- [TASK GOAL]: Extract, in full, the lines below, beginning at the first and ending with the line that contains "教職養成的鄉長游淑貞為建構鄉". Pictures do not belong in the copy.

:: EXTRACTED MATERIAL

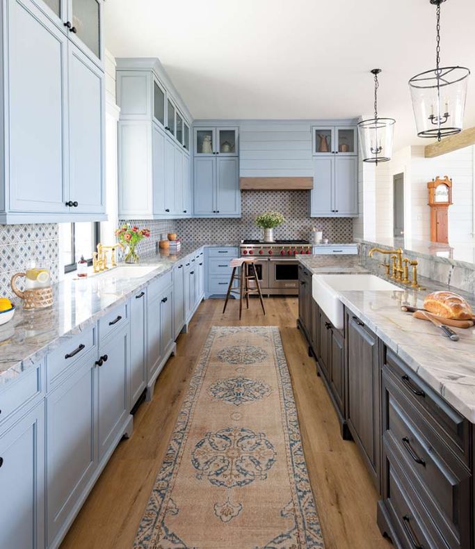 Throughout the abode, there is a practiced blend of classic pieces along with contemporary inclusions that ensure the comfort and convenience desired in a vacation home. Durability was also a key factor in decisions that ranged from performance fabrics to quartzite countertops in the kitchen. “Everything can withstand dirt and hold up to lots of kiddos and big groups,” Lindsey says. “You don’t have to stress—it’s easy country living. And that is ultimately what is at the heart of this design—a tranquil respite where family can gather and forget their day-to-day troubles. “Even though it’s a large house, it feels cozy,” Lindsey says. “You want to kick your feet up and stay for a long time. That’s what you want in a country house—in a getaway. You want to walk in and feel immediately at home.”The Cottage Journal
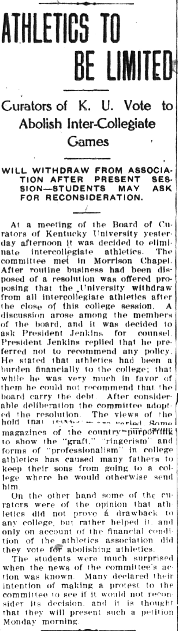 In early March of 1906 Kentucky University's Board of Curators, citing heavy financial burdens of maintaining the football program, voted to withdraw from intercollegiate athletics altogether. (At the time K.U. had poor football facilities and played most of their games away from home, including typically the games against State College.) The vote was unanimous although it was a difficult decision and it was said that "they did not altogether desire to do so."
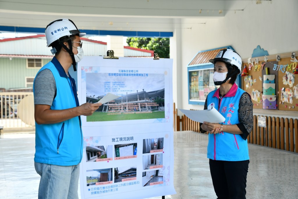 教職養成的鄉長游淑貞為建構鄉立幼兒園的安全學習環境,積極向上級單位爭取各項改善工程建設經費並配合編列鄉預算,共投入近1,400萬元,進行建築結構擴柱補強、溝蓋改善、增設遊戲沙坑、外牆景觀維護、設施設備汰舊換新等工程。鄉長游淑貞在建設課長吳印浴陪同下親自多次前往會勘,掌握每階段工程進度,同時為施工期間全園師生的安全性嚴格把關。
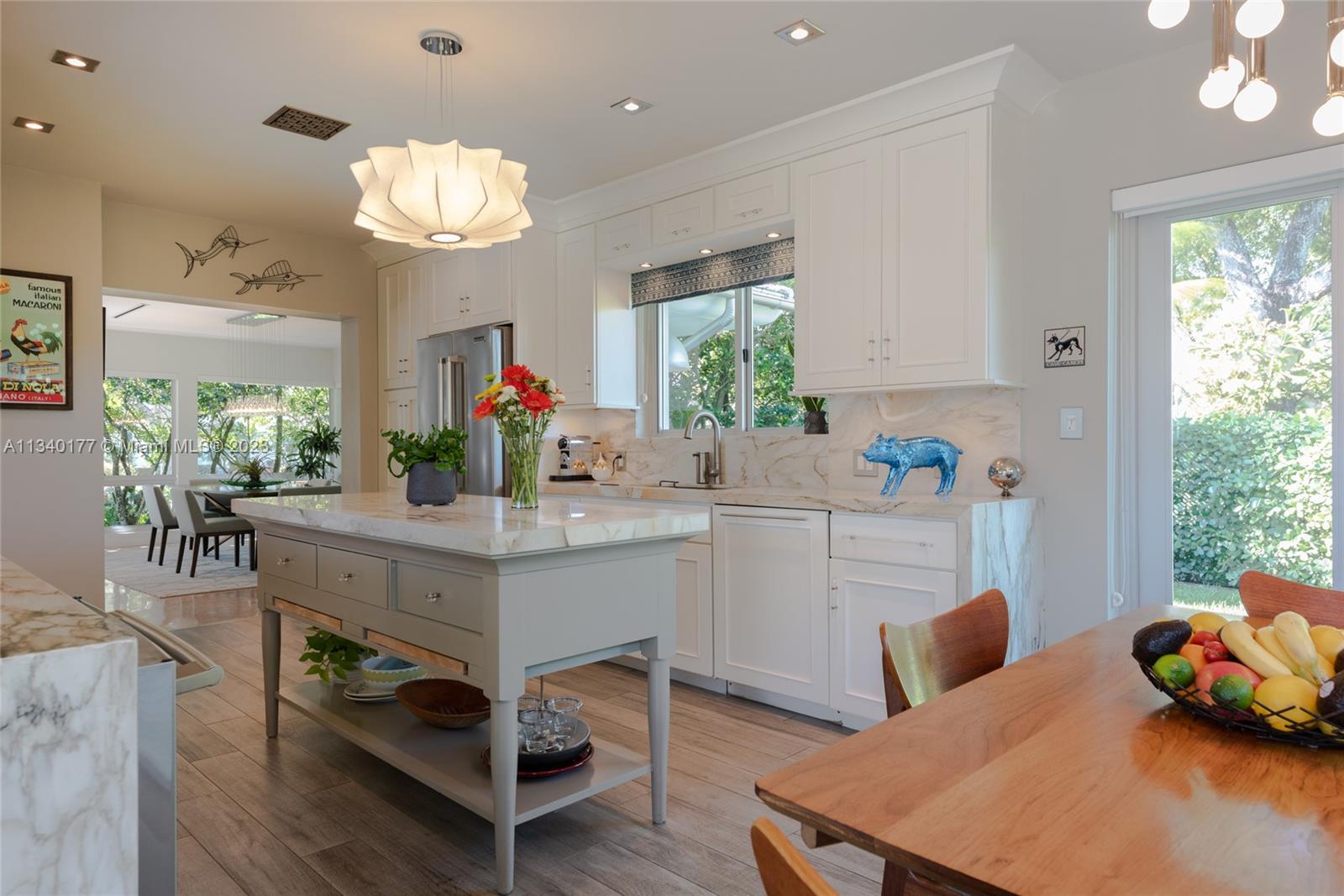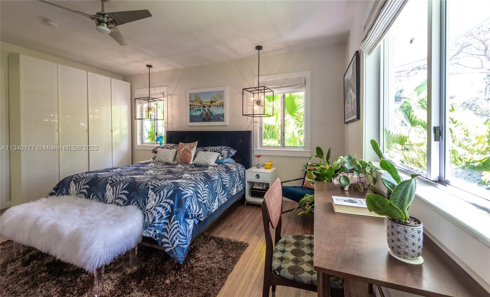This stunning mid-century modern masterpiece has been completely remodeled down to the concrete walls. Originally designed by architect Percy P. Turner, it is located on a large corner lot on one of Miami Shores' most beautiful streets. All 3 bedrooms have remodeled en-suite bathrooms. This home has an oversized 680 sf 2 car garage! Other features include new plumbing, updated electric, newer A/C including ductwork, a high-end gourmet kitchen, floor-to-ceiling impact windows and doors, a new septic system, a heated private courtyard swimming pool, polished terrazzo and rich wood floors. Surrounded by mature tropical landscaping and protected with full house Generac generator. No flood insurance is required!
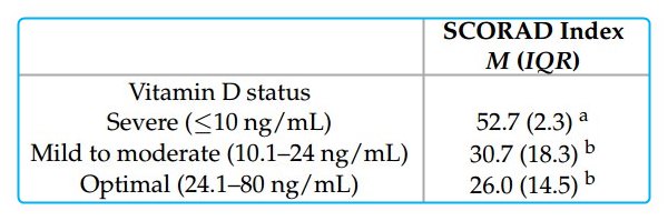 Conclusions: Vitamin D supplementation reduces AD severity in children and adults.
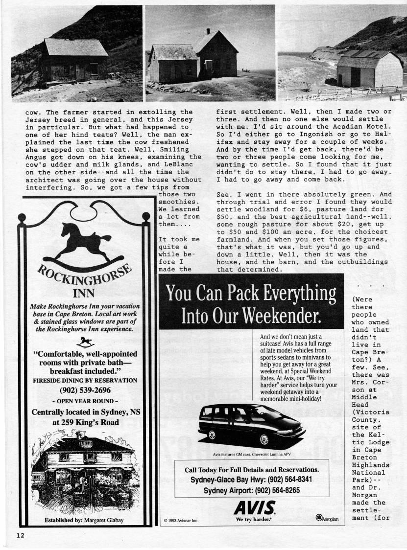 cow. The farmer started in extolling the Jersey breed in general, and this Jersey in particular. But what had happened to one of her hind teats? Well, the man ex? plained the last time the cow freshened she stepped on that teat. Well, Smiling Angus got down on his knees, examining the cow's udder and milk glands, and LeBlanc on the other side--and all the time the architect was going over the house without interfering. So, we got a few tips from • those two I smoothies. We learned a lot from them.... It took me quite a while be? fore I made the INN Make Rockinghorse Inn your vacation base in Cape Breton. Local art work & stained glass windows are part of the Rockinghorse Inn experience. "Comfortable, well-appointed rooms with private bath • breakfast included." FIRESIDE DINING BY RESERVATION (902) 539-2696 ~ OPEN YEAR ROUND ~ Centrally located in Sydney, NS at 259 King's Road first settlement. Well, then I made two or three. And then no one else would settle with me. I'd sit around the Acadian Motel. So I'd either go to Ingonish or go to Hal? ifax and stay away for a couple of weeks. And by the time I'd get back, there'd be two or three people come looking for me, wanting to settle. So I found that it just didn't do to stay there, I had to go away. I had to go away and come back. See, I went in there absolutely green. And through trial and error I found they would settle woodland for $6, pasture land for $50, and the best agricultural land--well, some rough pasture for about $20, get up to $50 and $100 an acre, for the choicest farmland. And when you set those figures, that's what it was, but you'd go up and down a little. Well, then it was the house, and the barn, and the outbuildings that determined. You Can Pack Everything Into Our Weekender. And we don't mean just a suitcase! Avis has a full range of late model vehicles from sports sedans to minivans to help you get away for a great weekend, at Special Weekend Rates. At Avis, our "We try harder" service helps turn your weekend getaway into a memorable mini-holiday! Chevrolet Lumina APV Call Today For Full Details and Reservations. Sydney-Glace Bay Hwy: (902) 564-8341 Sydney Airport: (902) 564-8265 ?? 1993 Aviscar Inc. AV/S We try harder.* (Were there people who owned land that didn't live in Cape Bre? ton?) A few. See, there was Mrs. Cor? son at Middle Head (Victoria County, site of the Kel? tic Lodge in Cape Breton Highlands National Park)-- and Dr. Morgan made the settle? ment (for
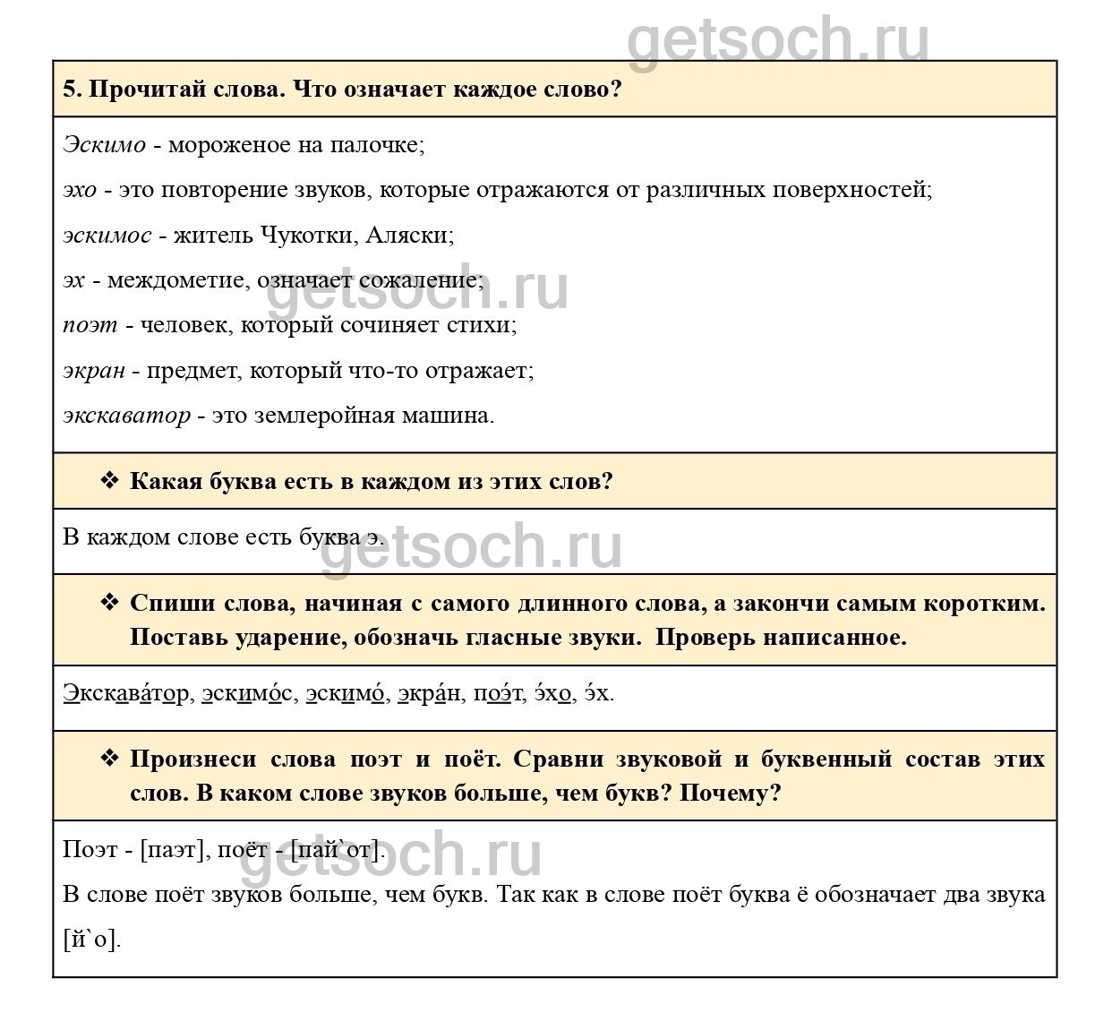 Произнеси слова поэт и поёт. Сравни звуковой и буквенный состав этих слов. В каком слове звуков больше, чем букв? Почему?

::::

- [OUTPUT FOR THIS EXERCISE]:
 Throughout the abode, there is a practiced blend of classic pieces along with contemporary inclusions that ensure the comfort and convenience desired in a vacation home. Durability was also a key factor in decisions that ranged from performance fabrics to quartzite countertops in the kitchen. “Everything can withstand dirt and hold up to lots of kiddos and big groups,” Lindsey says. “You don’t have to stress—it’s easy country living. And that is ultimately what is at the heart of this design—a tranquil respite where family can gather and forget their day-to-day troubles. “Even though it’s a large house, it feels cozy,” Lindsey says. “You want to kick your feet up and stay for a long time. That’s what you want in a country house—in a getaway. You want to walk in and feel immediately at home.”The Cottage Journal
 In early March of 1906 Kentucky University's Board of Curators, citing heavy financial burdens of maintaining the football program, voted to withdraw from intercollegiate athletics altogether. (At the time K.U. had poor football facilities and played most of their games away from home, including typically the games against State College.) The vote was unanimous although it was a difficult decision and it was said that "they did not altogether desire to do so."
 教職養成的鄉長游淑貞為建構鄉立幼兒園的安全學習環境,積極向上級單位爭取各項改善工程建設經費並配合編列鄉預算,共投入近1,400萬元,進行建築結構擴柱補強、溝蓋改善、增設遊戲沙坑、外牆景觀維護、設施設備汰舊換新等工程。鄉長游淑貞在建設課長吳印浴陪同下親自多次前往會勘,掌握每階段工程進度,同時為施工期間全園師生的安全性嚴格把關。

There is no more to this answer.